The Madrean sky islands are the only place in Arizona where you’ll find the lemon lily (Lilium parryi), the only true lily native to the state. The Mount Graham red squirrel, named for the highest peak in the Pinaleño Mountains of Eastern Arizona, lives only in that range. And numerous bird species that are more prevalent in Mexico can be spotted in Southeastern Arizona’s high country. Even jaguars, thought to have been extirpated from the state decades ago, have been spotted in the mountains in recent years.

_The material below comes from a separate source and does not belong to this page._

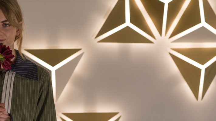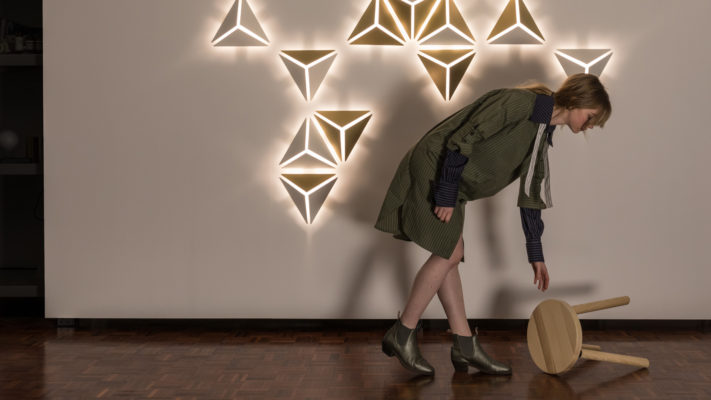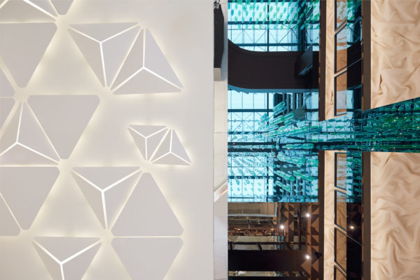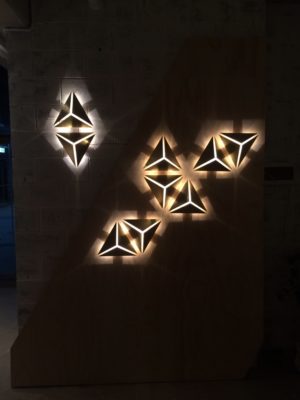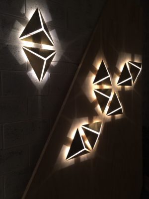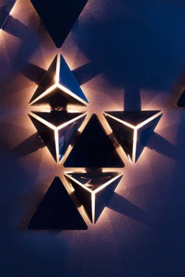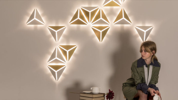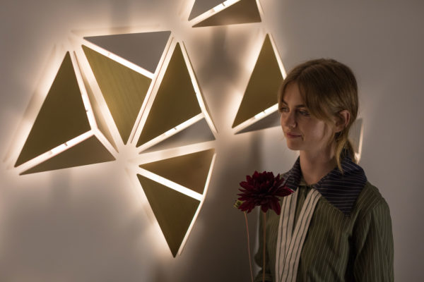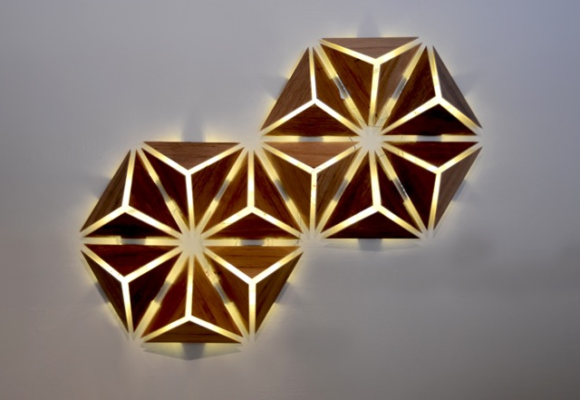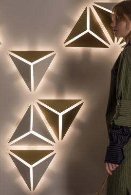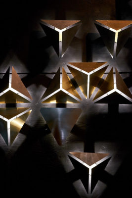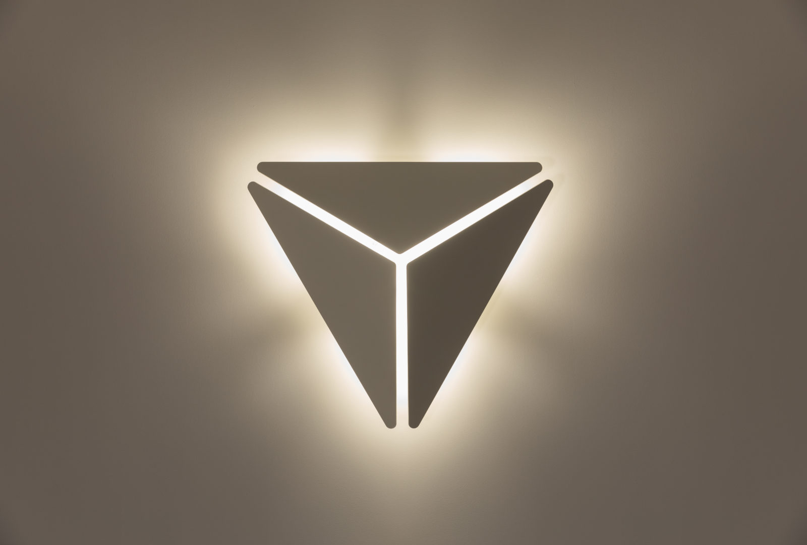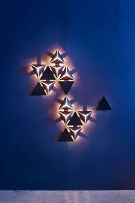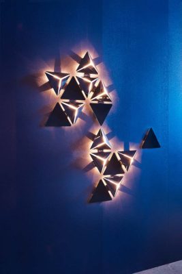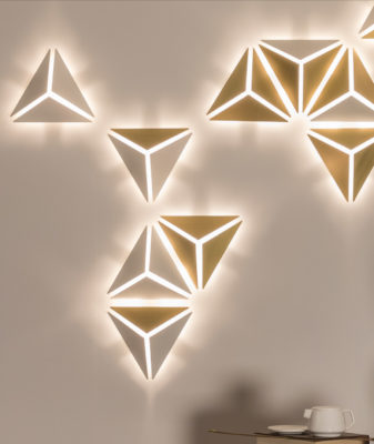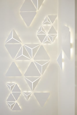 The Light Garden is designed to recreate the quality of varied, ambient light found in nature within an interior environment. The fittings use a series of triangular panels, in different sizes as a relief sculpture coming out from the wall. The light radiates from behind the panels.

For residents or visitors looking to get a taste of the sky islands, Fischer has three suggestions. His former home in the Chiricahuas offers geological wonders and plenty of species diversity. Mount Lemmon, the high point of the Tucson area’s Santa Catalina Mountains, is easily accessed via a paved road that passes through six vegetation communities, starting with the Sonoran Desert and ending in a mixed-conifer forest. And Madera Canyon, in the Santa Rita Mountains southeast of Tucson, has a lower elevation but harbors hundreds of the border region’s bird species, including the magnificently colored elegant trogon.
For Fischer himself, though, it’s hard to choose a favorite memory, but he recalls nights spent atop isolated peaks, surrounded by that seemingly endless desert sea — always with a camera and binoculars in hand. “Just so many wonderful experiences,” he says. “It’s been a lifelong joy to do all this.”